Exercise description -> Your copy should hold every record verbatim and none of the pictures.

Recorded information ->
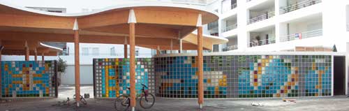 La frontière que constitue le mur de séparation entre les deux cours (maternelle et primaire) est envisagé comme une surface de projection propre à recevoir des interprétations variables. En effet, entre « la cour des grands » et celle des petits, l'écran que constitue un mur est propice aux fictions. Que ce soit projection vers le futur ou retour dans son passé, l'autre côté du mur est toujours fantasmé. C'est souvent le brouhaha sonore qui laisse deviner plus qu'il ne raconte l'existence de cet autre côté, cette autre dimension. Ici, la proposition est de laisser aussi entrevoir ces silhouettes en mouvement que sont les autres, à travers un lexique de formes déclinées en pavés de verre colorés. Le dessin y est construit sur le principe du point de croix. Les motifs y sont simplifiés jusqu'à en être quelquefois des indices plus que des images.
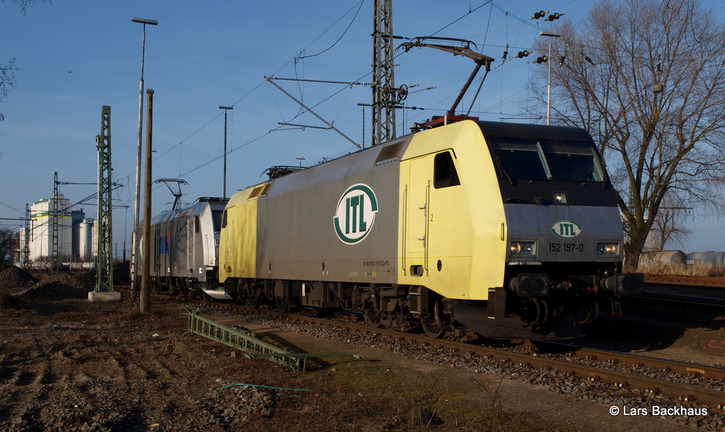 152 197-0 ITL und 185 562-6 ITL setzen sich am 09.03.14 vor ihren Kesselwagenzug auf der Hohen Schaar in Hamburg.
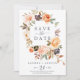 Cette terre fleurie rustique sauvez la carte d'annonce de date est parfait pour un mariage de automne. L'élégante décoration de tons de terre comprend des fleurs rustiques d'aquarelle en terre cuite, en cuivre, orange brûlé, pêche, rose roux et blanc crème avec style boho vintage.
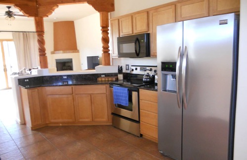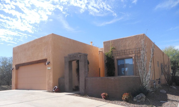 This is an awesome vacation home that you will LOVE! It is a free standing home with comfortable furnishings and well stocked supplies. Enjoy this special community from our beautiful home in Barrio De Tubac, a small community within walking distance of the artist village in Tubac, and less than a mile from the Tubac Golf Resort. As frequent VRBO guests ourselves, we know what we enjoy when staying in other’s homes, a designer home, geared towards comfort, with well-stocked supplies. We have picked out every item, from soft sheets, to bathrobes, to smart TVs that allow you to access your accounts with Netflix, Hulu, Amazon, etc with your comfort and enjoyment in mind. (No cable TV) You will love our 2 bedroom, 2 bath home with its’ 10 foot ceilings, gas kiva fireplace, surround sound, jetted tub, walk in shower, well stocked kitchen with granite countertops, stainless steel appliances, private court yard, and back patio with comfortable seating and beautiful sunset views. Of course high speed wireless Internet is also provided, as well as two bikes, helmets and lock.
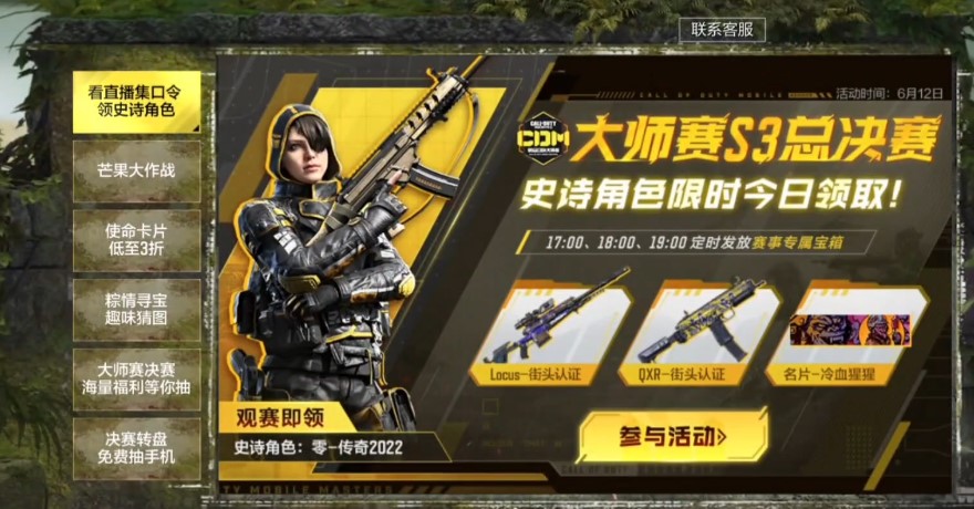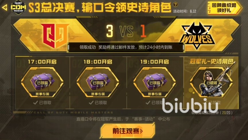 本次在游戲中剛看決賽還可以領(lǐng)取到特殊獎(jiǎng)勵(lì),首次觀看可以獲得五個(gè)賽事寶箱、觀看十分鐘可以領(lǐng)取一個(gè)賽事限定頭像框,觀看二十分鐘可以領(lǐng)取史詩(shī)級(jí)新角色,觀看三十分鐘可以領(lǐng)取史詩(shī)級(jí)武器和特殊名片,這次賽事活動(dòng)的福利還是非常大的,大家千萬(wàn)不要錯(cuò)過(guò)哦。
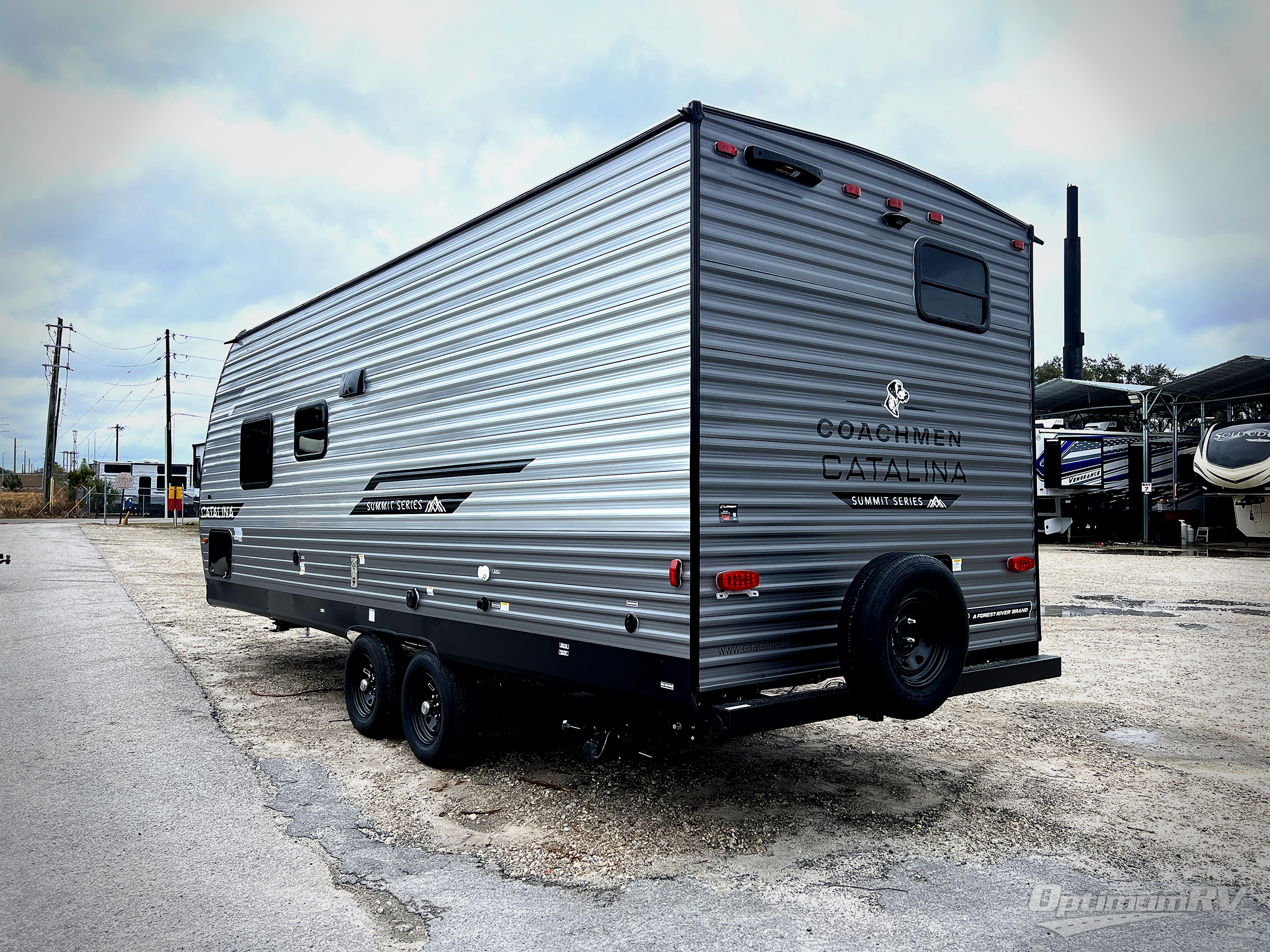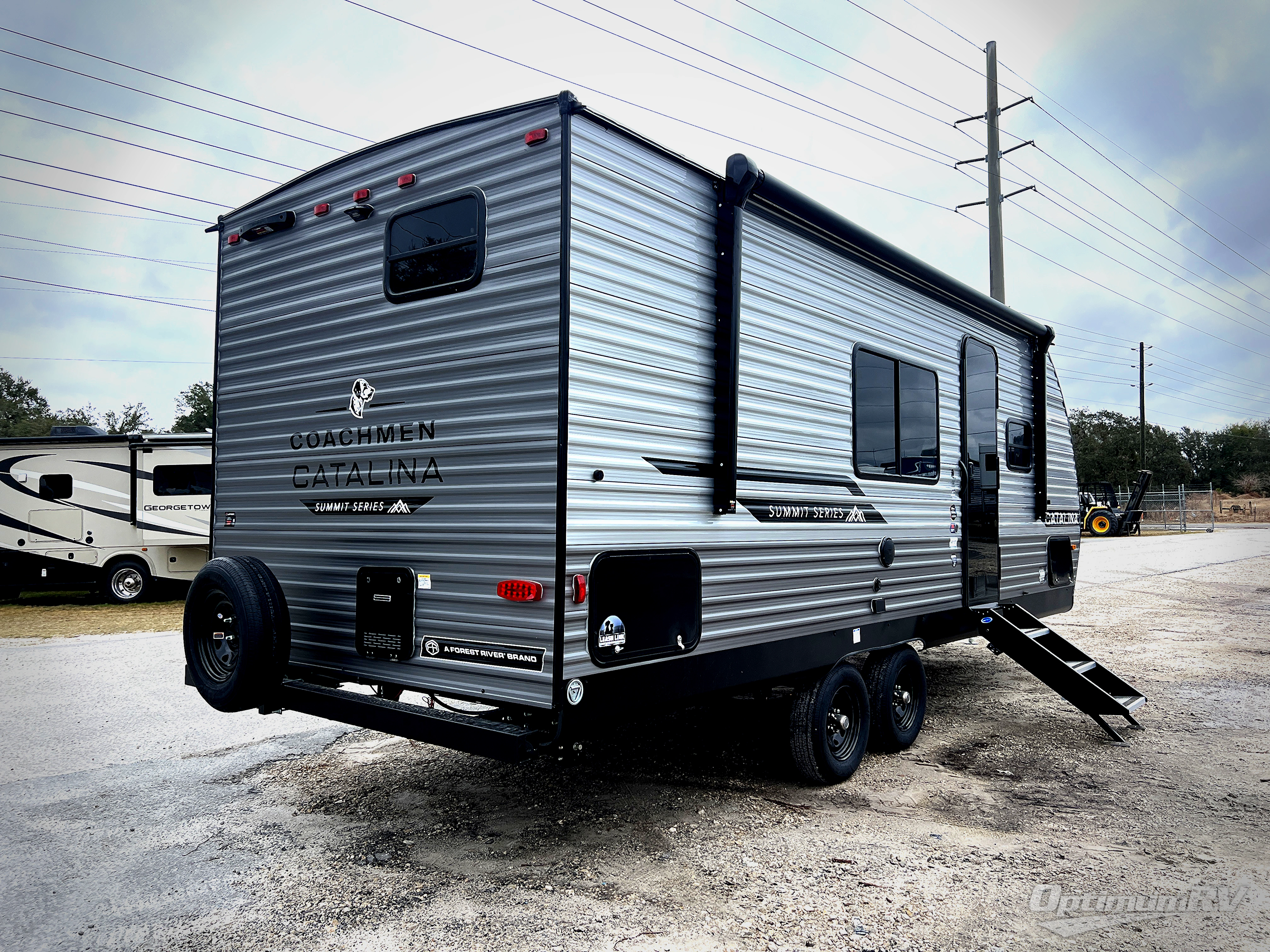 With any Catalina Summit Series 8 by Coachmen you will enjoy an affordable travel trailer packed with at-home comforts! The solid construction includes a Norco electromagnetic powder coated chassis, a seamless Alpha roof membrane, and full length frame outriggers for maximum support and durability. EZ lube axles with leaf spring suspension and self-adjusting brakes provide smooth towing from home to campground, and the premium exterior graphics package is sure to turn heads as you travel down the highway. You will love the features included, such as a JBL Aura Cube media center, magnetic baggage door latches, 4,000 lumen interior touch lighting, and the list goes on!
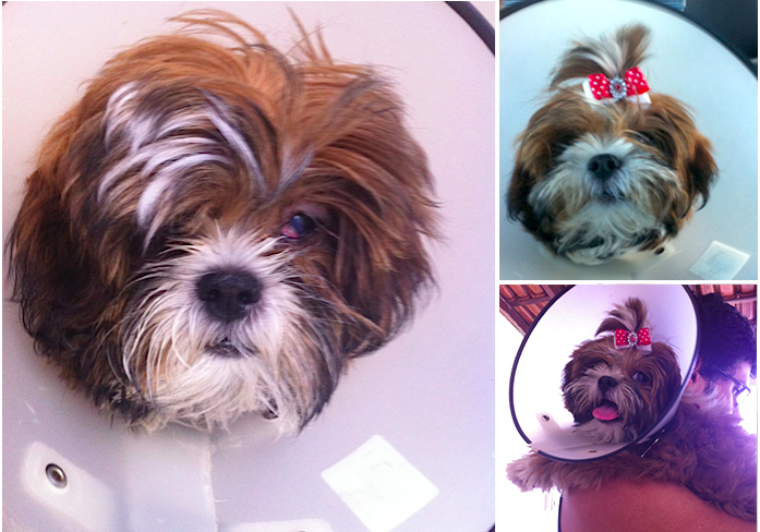 Sobre a cirurgia da Cherry Eyes – Prolapso da Glândula Lacrimal dela foi de recolocação dessa danada da terceira pálpebra que insiste em aumentar o tamanho e inflamar, acontece em muitos casos com as raças pequenas ou de médio porte, como Boston Terriers, Cocker, Bulldogs, etc… É importante procurar ajuda veterinária, essa glândula é responsável por até 50% da lágrima e pode crescer o suficiente para impossibilitar o seu animalzinho a fechar o olho completamente e isso pode causar ressecamento, enfim pessoal, não sou especialista no assunto mais estou dividindo um pouco do que aprendi. Após a cirurgia aplicando um colírio de manhã e de noite por 10 dias, percebemos o olhinho dela com uma ponta de linha e azul, após 7 dias da cirurgia observávamos que ela não aparentava melhoras, fomos para o veterinário e foi constatado ulcera de córnea, lá foi mais 10 dias de tratamento, mais com 2 dias de tratamento ela era outra cachorrinho vou colocar a foto abaixo para vocês compararem
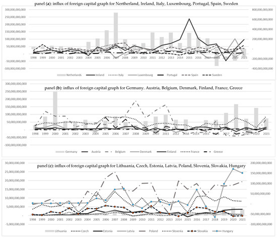 FDI in dollars in European OECD economies in the period 1998–2021. Source: Authors’ presentation based on World bank data.
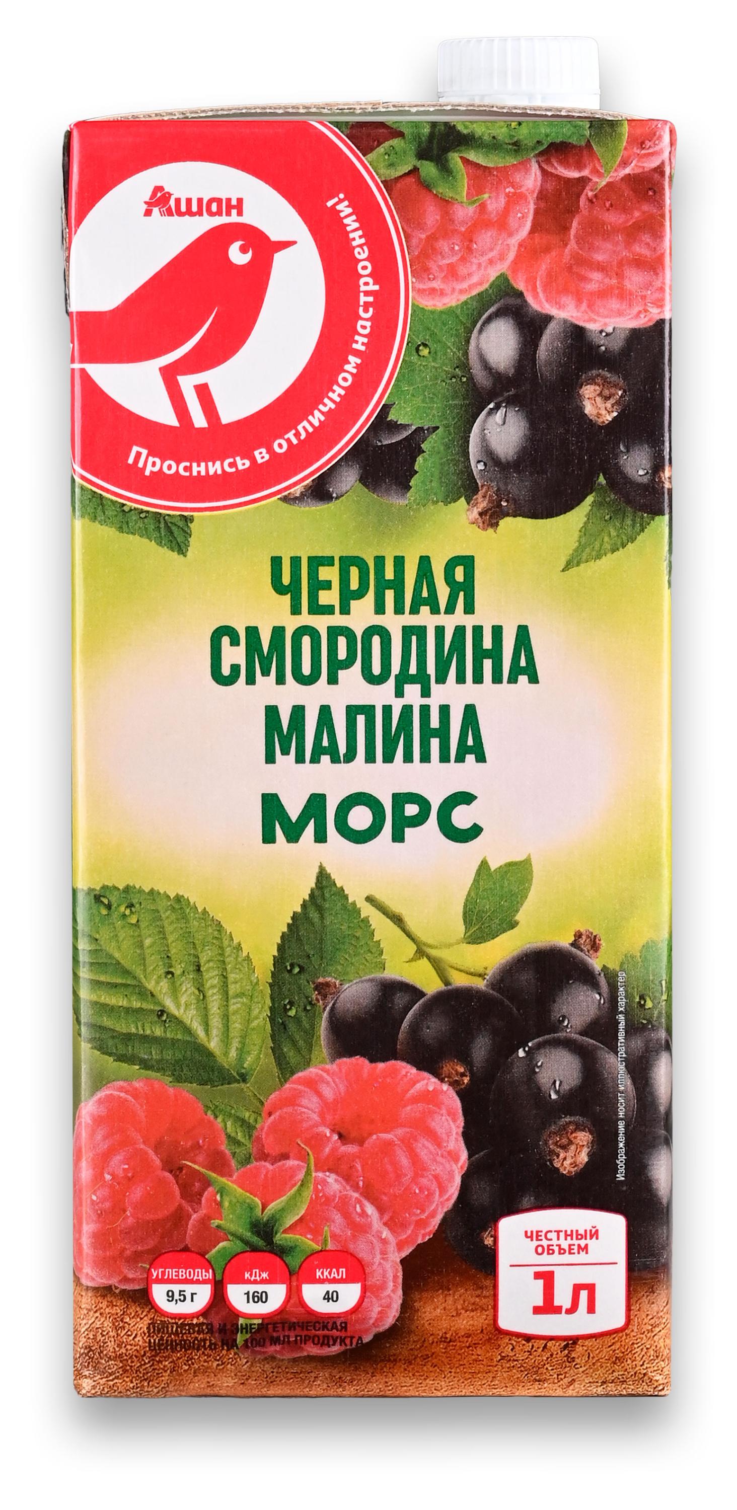 Морс АШАН Красная птица черная смородина-малина, 1 л

Response area ->
 La frontière que constitue le mur de séparation entre les deux cours (maternelle et primaire) est envisagé comme une surface de projection propre à recevoir des interprétations variables. En effet, entre « la cour des grands » et celle des petits, l'écran que constitue un mur est propice aux fictions. Que ce soit projection vers le futur ou retour dans son passé, l'autre côté du mur est toujours fantasmé. C'est souvent le brouhaha sonore qui laisse deviner plus qu'il ne raconte l'existence de cet autre côté, cette autre dimension. Ici, la proposition est de laisser aussi entrevoir ces silhouettes en mouvement que sont les autres, à travers un lexique de formes déclinées en pavés de verre colorés. Le dessin y est construit sur le principe du point de croix. Les motifs y sont simplifiés jusqu'à en être quelquefois des indices plus que des images.
 152 197-0 ITL und 185 562-6 ITL setzen sich am 09.03.14 vor ihren Kesselwagenzug auf der Hohen Schaar in Hamburg.
 Cette terre fleurie rustique sauvez la carte d'annonce de date est parfait pour un mariage de automne. L'élégante décoration de tons de terre comprend des fleurs rustiques d'aquarelle en terre cuite, en cuivre, orange brûlé, pêche, rose roux et blanc crème avec style boho vintage.
 This is an awesome vacation home that you will LOVE! It is a free standing home with comfortable furnishings and well stocked supplies. Enjoy this special community from our beautiful home in Barrio De Tubac, a small community within walking distance of the artist village in Tubac, and less than a mile from the Tubac Golf Resort. As frequent VRBO guests ourselves, we know what we enjoy when staying in other’s homes, a designer home, geared towards comfort, with well-stocked supplies. We have picked out every item, from soft sheets, to bathrobes, to smart TVs that allow you to access your accounts with Netflix, Hulu, Amazon, etc with your comfort and enjoyment in mind. (No cable TV) You will love our 2 bedroom, 2 bath home with its’ 10 foot ceilings, gas kiva fireplace, surround sound, jetted tub, walk in shower, well stocked kitchen with granite countertops, stainless steel appliances, private court yard, and back patio with comfortable seating and beautiful sunset views. Of course high speed wireless Internet is also provided, as well as two bikes, helmets and lock.
 本次在游戲中剛看決賽還可以領(lǐng)取到特殊獎(jiǎng)勵(lì),首次觀看可以獲得五個(gè)賽事寶箱、觀看十分鐘可以領(lǐng)取一個(gè)賽事限定頭像框,觀看二十分鐘可以領(lǐng)取史詩(shī)級(jí)新角色,觀看三十分鐘可以領(lǐng)取史詩(shī)級(jí)武器和特殊名片,這次賽事活動(dòng)的福利還是非常大的,大家千萬(wàn)不要錯(cuò)過(guò)哦。
 With any Catalina Summit Series 8 by Coachmen you will enjoy an affordable travel trailer packed with at-home comforts! The solid construction includes a Norco electromagnetic powder coated chassis, a seamless Alpha roof membrane, and full length frame outriggers for maximum support and durability. EZ lube axles with leaf spring suspension and self-adjusting brakes provide smooth towing from home to campground, and the premium exterior graphics package is sure to turn heads as you travel down the highway. You will love the features included, such as a JBL Aura Cube media center, magnetic baggage door latches, 4,000 lumen interior touch lighting, and the list goes on!
 Sobre a cirurgia da Cherry Eyes – Prolapso da Glândula Lacrimal dela foi de recolocação dessa danada da terceira pálpebra que insiste em aumentar o tamanho e inflamar, acontece em muitos casos com as raças pequenas ou de médio porte, como Boston Terriers, Cocker, Bulldogs, etc… É importante procurar ajuda veterinária, essa glândula é responsável por até 50% da lágrima e pode crescer o suficiente para impossibilitar o seu animalzinho a fechar o olho completamente e isso pode causar ressecamento, enfim pessoal, não sou especialista no assunto mais estou dividindo um pouco do que aprendi. Após a cirurgia aplicando um colírio de manhã e de noite por 10 dias, percebemos o olhinho dela com uma ponta de linha e azul, após 7 dias da cirurgia observávamos que ela não aparentava melhoras, fomos para o veterinário e foi constatado ulcera de córnea, lá foi mais 10 dias de tratamento, mais com 2 dias de tratamento ela era outra cachorrinho vou colocar a foto abaixo para vocês compararem
 FDI in dollars in European OECD economies in the period 1998–2021. Source: Authors’ presentation based on World bank data.
 Морс АШАН Красная птица черная смородина-малина, 1 л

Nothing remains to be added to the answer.